We would literally still check as the trucks were leaving with flashlights to see if there was any evidence or remains and call the response team. We had the response team that collects evidence and if we found anything we didn’t touch it, we’d have them come over, they’d bag it, took photographs, all that stuff. But for those first few days, it was none of that, whatever we found, we did it ourselves.

I was on the pile for a total of six weeks all together, the landfill for a week.

For those first few days, we didn’t say anything, it was crazy. We’d go back and shower after 15-16 hours and come right back. No one wanted to do anything else, nobody wanted to leave.

The smoke was incredible, it just kept coming up from the ground. The first sight that I saw coming from the West Side Highway was a police car that was crushed in. I’m thinking, “Oh my God…” You would have thought it was an earthquake, you would think it was that type of devastation.

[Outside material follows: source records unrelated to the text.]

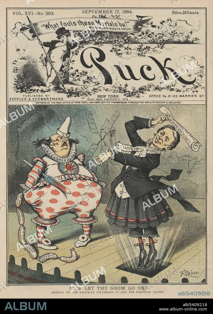 Caption: Now let the show go on! Illustration shows Mrs. Lockwood, holding papers that state, Nomination for Pres. Womens' Rights Party, bursting through an opening in the floor of a stage to appear next to a clown labeled B.B. who is holding a paddle labeled, Demagogism, and a string of sausages labeled, His Own Nomination, Womens' Suffrage Nomination, Tewksbury Pauper Nomination, Convict Party Nomination, Greenback Nomination, Last Nomination. Belva Ann Bennett Lockwood (October 24, 1830 - May 19, 1917) was an American attorney, politician, educator, and author. She ran for president in 1884 and 1888 on the ticket of the National Equal Rights Party and was the first woman to appear on official ballots. Frederick Burr Opper, Puck Magazine September 17, 1884.
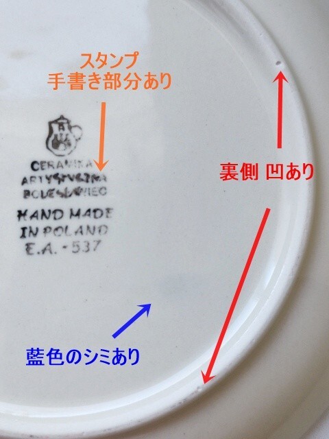 ・裏側 薄めの藍色のシミ、凹2カ所、スタンプが手書きになっている箇所あり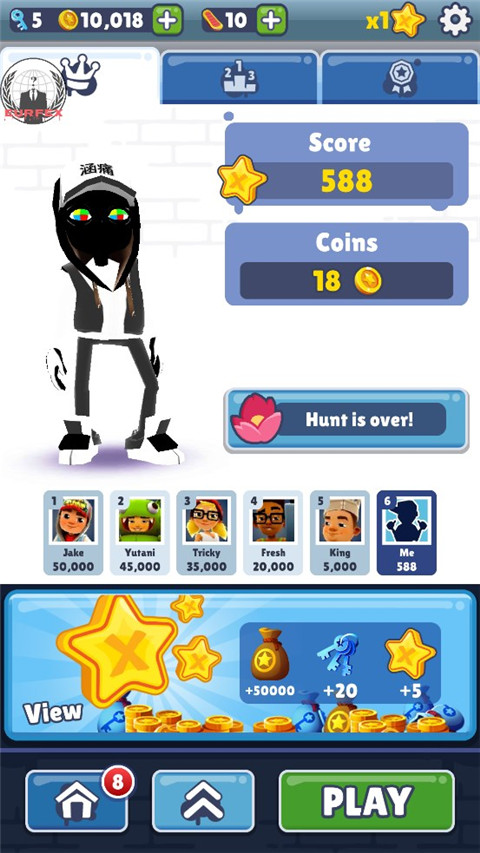 1、涵痛定制版本是涵痛私人定制版本,带你感受不一样的地铁跑酷。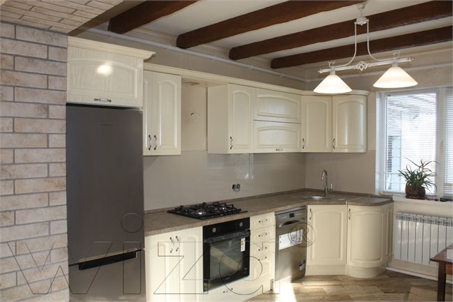 • Сочитание двух материалов:шпона и краски,делает кухню практичной и яркой.
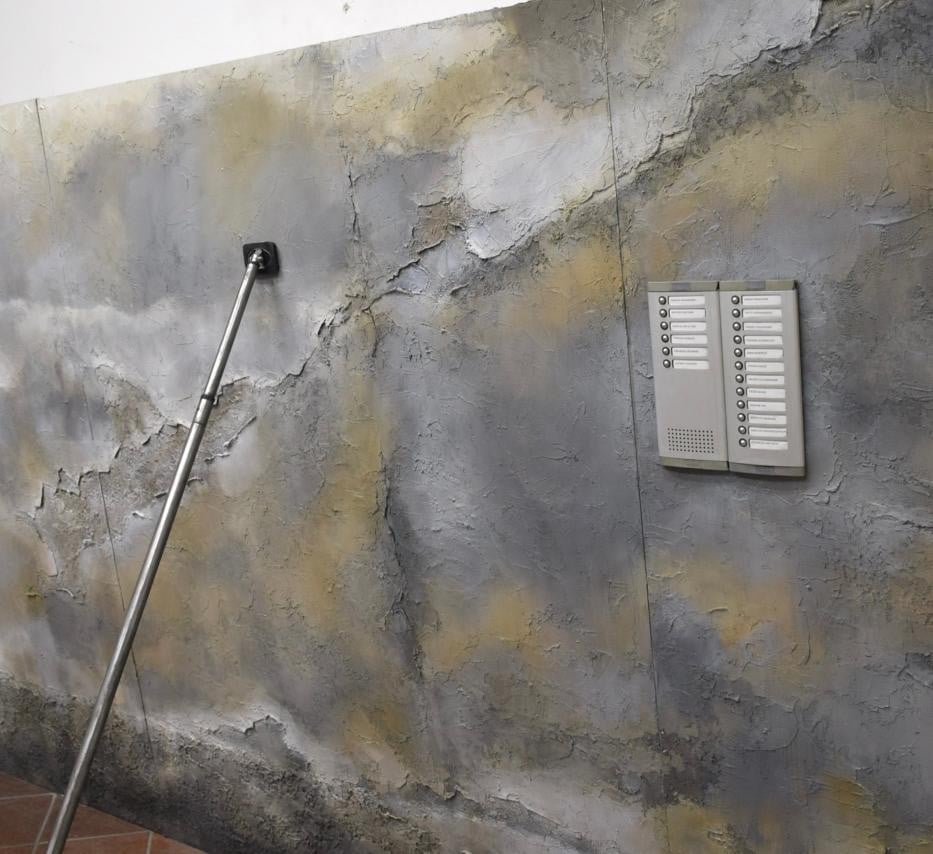 The installation WE’LL BE THERE exemplifies Caldara’s exceptional ability to merge scale with poignancy. The work features a crumbling wall bearing the names of Iranian students who were victims of an oppressive regime. When viewers press intercom buttons embedded in the sculpture, a haunting bell sounds, evoking a collective sense of loss.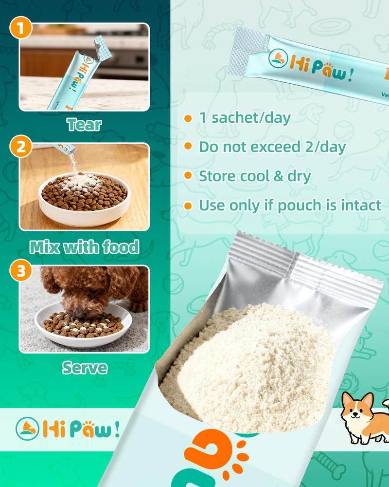 - Sachets: Individually wrapped sachets with the Hi PAW! Probiotics formula.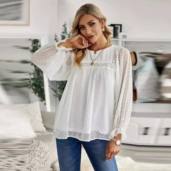 Chemisier transparent à manches longues avec détails en dentelle pour femmes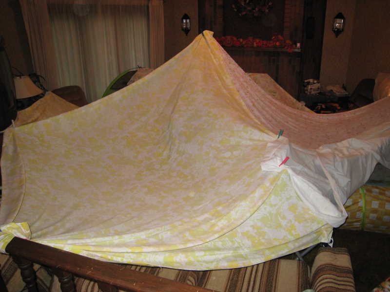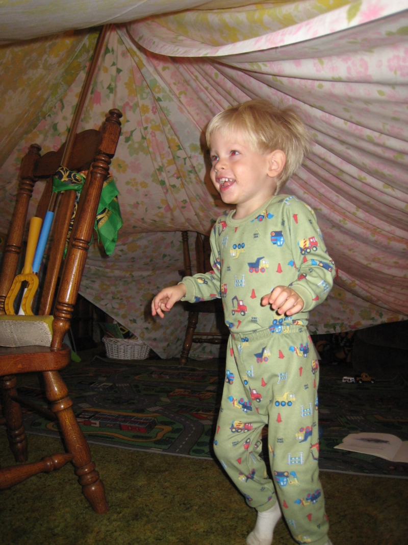 Last Thursday it was raining and cold outside, and Elijah was not interested in any of his gazillion toys. So Mom had to get a little creative. I always loved building sheet forts in the living room when I was little, so I brushed off my old skills and built one for Elijah! It was fun to figure out how I used to do it (I was a little rusty), but in the end Elijah thought it was pretty cool to run around inside and have to crawl out the tunnel to exit. Lexi and Tori came over Thursday afternoon and we played games in the fort. We had a lot of fun, and I already have some ideas to improve the fort on the next rainy day.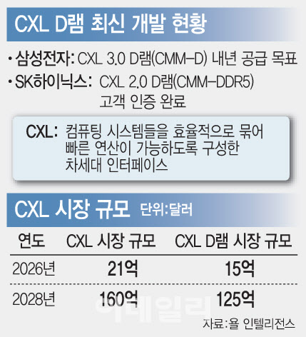 [이데일리 조민정 기자] ‘넥스트 HBM’으로 불리는 CXL 시장 개화를 목전에 두고 삼성전자(005930)와 SK하이닉스(000660)가 주요 반도체 기업들과 협업을 확대하고 있다. 주문형 반도체(ASIC) 강자로 떠오른 미국 마벨과 호환성 테스트를 완료하는 등 차세대 메모리 시장 선점에 시동을 걸고 있다. 인텔과 AMD 등 빅테크 기업들도 하나둘씩 시장에 참여하면서 CXL 시장 개화가 점차 가시화하고 있다.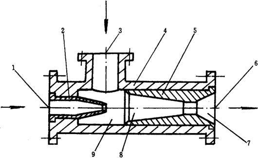 图1-14-20 真空消泡罐结构示意图 1-出料口 2-进料口 3-罐体 4-压力表 5-真空装置接口 真空消泡罐是利用抽真空,使泡沫内外的空气出现压差而爆破,达到消泡的目的。消泡罐的主体为一呈圆柱形的罐体3。从进料口2吸入的豆浆经消泡后从底部的出料口1排出,真空装置接口5与抽真空装置连接。工作时罐内的真空度控制在0.039~0.053MPa即可。真空度可从压力表4读出。 3.5 杀菌、脱臭装置 杀菌、脱臭装置用于将调制好的豆奶,连续完成预热、高温杀菌及真空脱臭三道工序。该机主要由3台功能各自独立的单机,即蒸汽喷射式加热器、高温杀菌罐及真空脱臭罐组装在同一机架上而成。与其配套工作的附属设备有水力喷射器及多级泵等。 3.5.1 蒸汽喷射式加热器(图1-14-21) 蒸汽喷射式加热器用于将已调好的豆奶进行预加热。该加热器工作时,蒸汽在通过喷嘴2以很高的速度进入吸入室,喷嘴2的出口处形成压力较低的区域,豆奶被吸入后与高速汽流在混合室8均匀混合,豆奶也从高速汽流中获得部分能量。混合流迅速进入喷管的扩散室7,并逐渐减速、升压与升温。当混合流到达扩散室7出口处时,豆奶的压力及温度达到进入下一级高温杀菌罐的操作要求时,从豆奶出口6排出。由于豆奶与高速汽流在混合室的混合过程极快,来不及进行热交换即进入扩散室,因而其热交换过程主要是在扩散室完成。该加热器具有加热速度快(仅需1s左右)、噪音小,以及工作平稳、振动小等优点。

You kind of lose track of time, it seems like you never left. The first few nights, I didn’t really go home. I stayed, and took time out of my day to go with Robert to the different makeshift morgues so he could bring his sister’s hairbrush and leave DNA to see if she was found. That’s a part that sticks with me. The people, the hopelessness in the people showing up at these morgues looking for their wives, their daughters, their sons, tremendous.

They never found her.

It affected everyone differently, but it affected everyone. That’s the thing about it. It didn’t matter who you were, I don’t care if you’re the most liberal or the most conservative, it affected you some way. You didn’t walk away from that experience without having your life being changed in some way.

Republican Rep. Michael Grimm represents Bay Ridge and Dyker Heights in Congress.